Inside Part 1 And Part 2 In this series, Why We Focus on Individual Marketing Qualified Leads (MQL), although many revenue processes are still common, an old and limited method. In this blog (Part 3 of this series), we will explore why shifting focus to Marketing Qualified Accounts (MQA) is equally problematic.
An MQA has good intentions but the wrong focus
Over the past several years, based on the introduction of Account-Based Marketing (ABM) as a practice, a new option for focusing the revenue process, MQA, has emerged. ABM’s goal is to focus on what is considered a high-value account. The introduction of ABM platforms has intensified the focus on account-level scenarios. The goal of MQA is to look at all the relevant insights and hints that occur between these accounts and combine them into a relevant score based on a combination of fit and engagement.
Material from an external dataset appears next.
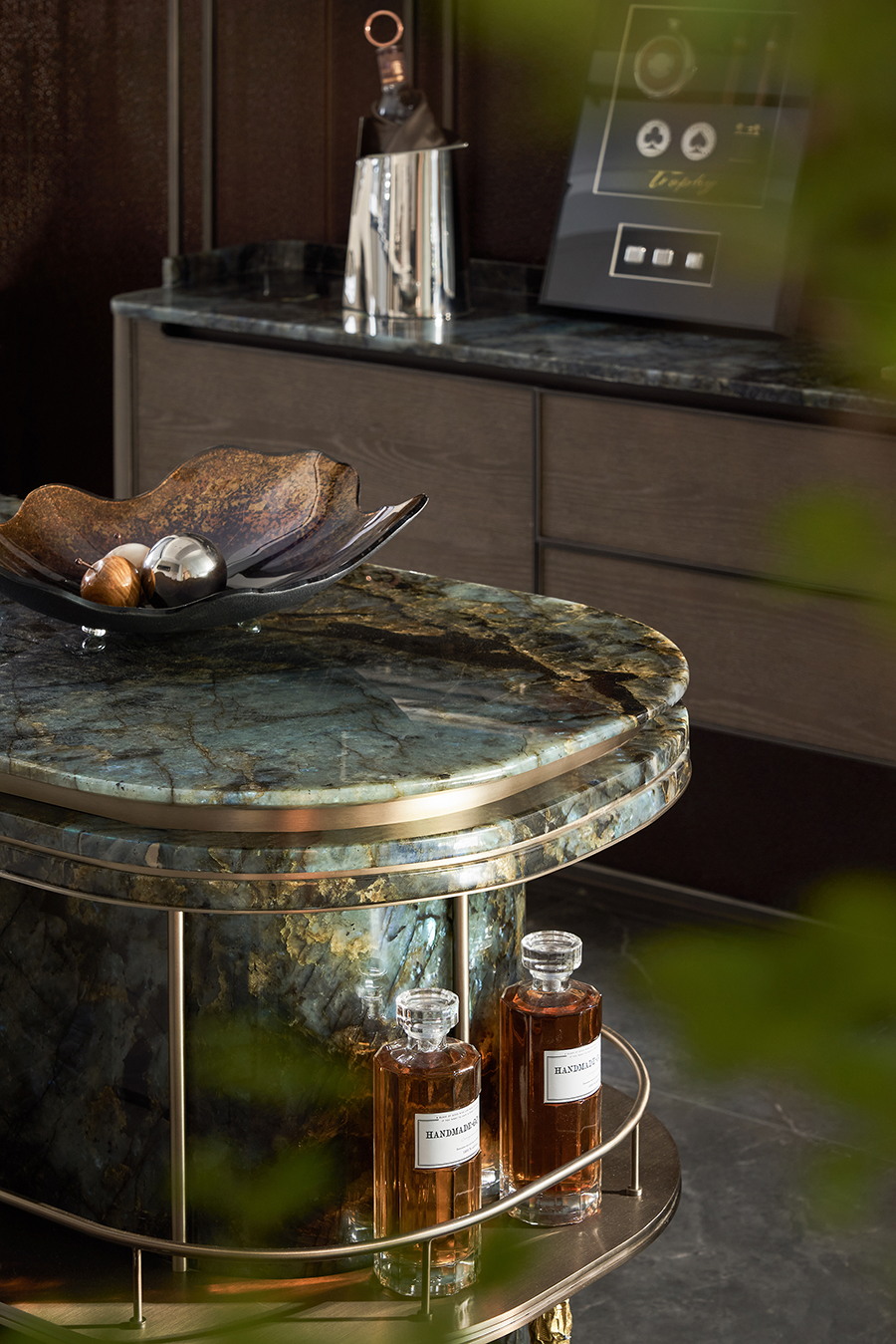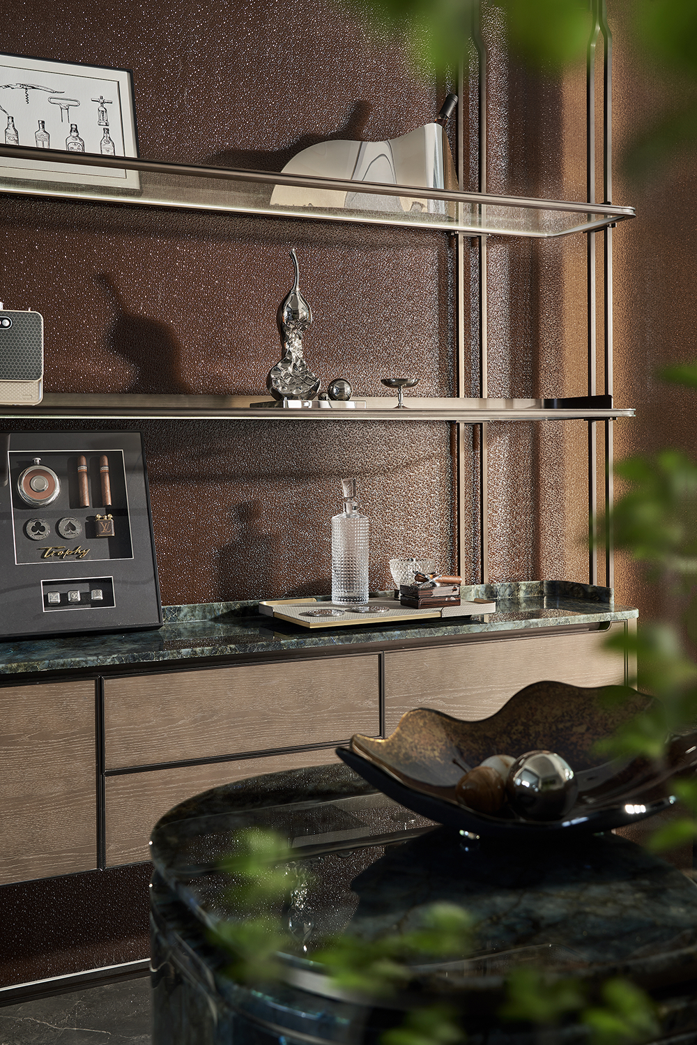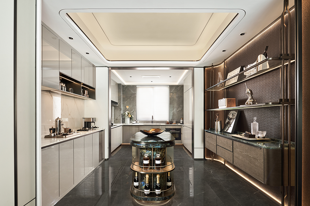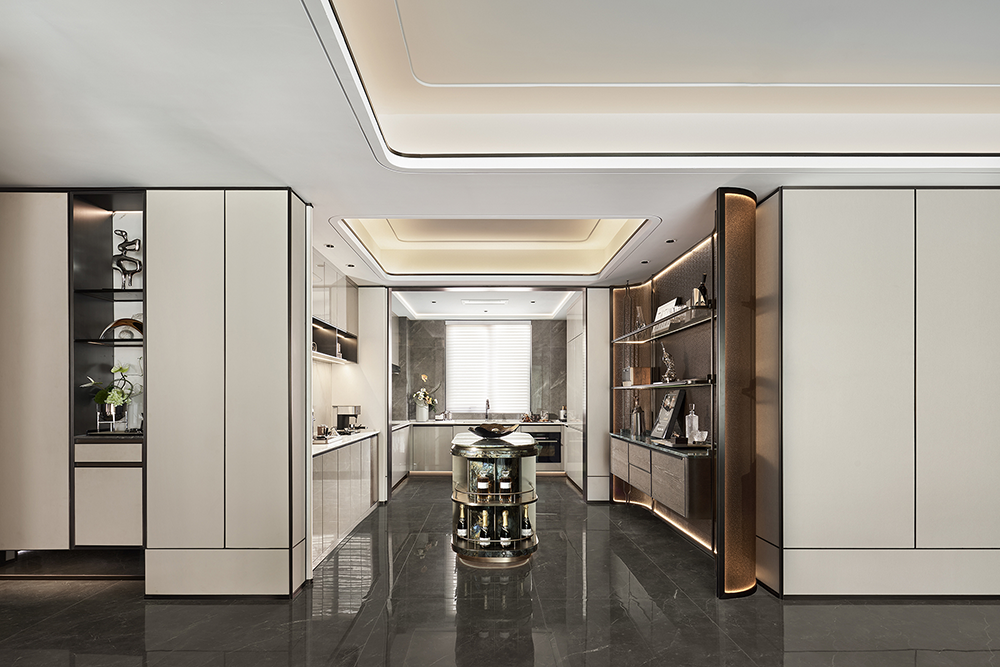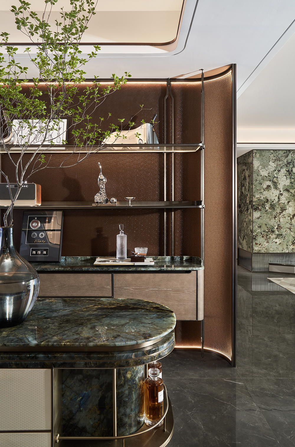 轻松惬意的待客场域,可移步岛台。这里连接着精神与物质的需求,餐前小酌一杯,观赏藏品、高谈阔论皆可满足。创新性的融入存储、展示功能,并在石材、金属、与木的碰撞中,让丰富的材质纹理与空间尺度,不动声色的增添雅奢格调。

Once the account score reaches a certain threshold, the account is referred to the Revenue Development Representative (RDR) or the account executive as MQA.
While the intent to capture and share insights about an account may initially seem to be an effective method, it also introduces a number of major challenges that lead to inefficiency and lost opportunities. Here’s why the focus on MQA is not and should not be the next logical improvement after MQL replacement No. Will be adopted as the new standard for the revenue process.
MQAs do not represent buyers
Just as the decision to buy B2B is not made by an individual, so the decision to buy is not made by an account. Accounts are legal entities that do not make purchasing decisions and therefore cannot be “qualified” to understand progress and buying trends. Instead, the actual buyer is a group of people (purchasing team) in an account who are working together to solve a business problem. Our relationship with the purchasing group drives progress (and can be tracked) through the revenue process. As an organization ACME did not buy our talent management solution. Instead, it includes a purchasing team of individuals from the HR, IT, and business lines within ACME who are working together to improve the accuracy and efficiency of ACME’s hiring process and to make purchasing decisions to address this need. This potential opportunity of our Talent Management Solutions (with the respective purchasing group) is then tracked as it flows through our revenue process.
There can be many opportunities in the account, each at a different stage
The vast majority of our clients (possibly excluding early-stage startups) have a portfolio of solutions that they market and sell that meet the needs of a variety of functional businesses. These solutions can expand their target potential across different purchasing groups and functional needs. To achieve best-in-class alignment between marketing and sales, it is important to understand all the potential opportunities that exist within an account or market segment.
Figure 1 illustrates the concept of an opportunity map, a tool used to identify potential opportunities that exist within an account. Opportunity maps identify relevant purchasing groups, effective business needs, and relevant solutions that create these potential opportunities. In this example, the client targets three different purchasing groups (talent management, HR operations, and learning management), each with a different functional requirement for a total of three solutions. Each of these combinations of purchasing groups, functional business needs, and aligned solutions represents a unique purchasing decision and aligns with three unique potential opportunities. It is these potential opportunities, and not the account, that must be tracked through the revenue process
Figure 1: Example Opportunity Map
Since each of these opportunities represents a unique purchasing decision, each can be at different stages of our revenue process. Opportunities for talent management may be in the late-stage pipeline, while opportunities for HR operations and learning management in the same account may be at the very beginning of the process (i.e., at the detection stage). It is impossible to use an Account Level (MQA) to reflect the progress of multiple opportunities. The correct way to think about it is to embrace and embrace the idea of a set of “worthy opportunities” as opposed to the irrational “worthy account”.
Sales hate noise
The purpose of combining signals across a single account into a single score is to create actionable insights that enable RDR and high-quality actions from sales, but instead often cause a lot of noise that limits an action. Why? Because while salespeople can see a high interest / employment at an account level, it is not clear that eShould be the expected and best action. An account score shows that 15 people are employed for a total of 642 minutes, but it is not clear what they should do with this information. Who should they call? And what should they talk about?
What sales need is an added layer of context. To get the job done, ask the salesperson “Who cares about what?” Need to understand more detailed insights and “Are there groups of people interested in the same solution?” Seven people interested in talent management solutions, five people interested in HR operations and three people interested in learning management are infinitely more powerful and effective.
But if we lack this context, an MQA appears as a voice, and appropriate actions are much less obvious. Sales can only explain MQA to reflect interest in talent management solutions but miss insights into the additional opportunity interest in the account. When this happens, additional opportunities may be lost.
The answer is an opportunity-focused focus
Aligning marketing, RDR, and sales with a general approach to the revenue process is critical to success. With MQL, the focus on individuals is very small. With MQA, the focus is very thick granular. Both methods have problems. Inside Part 4 In this series, we’ll look at why an opportunity to focus on the right approach to marketing, RDR, and to provide valuable context throughout the revenue process.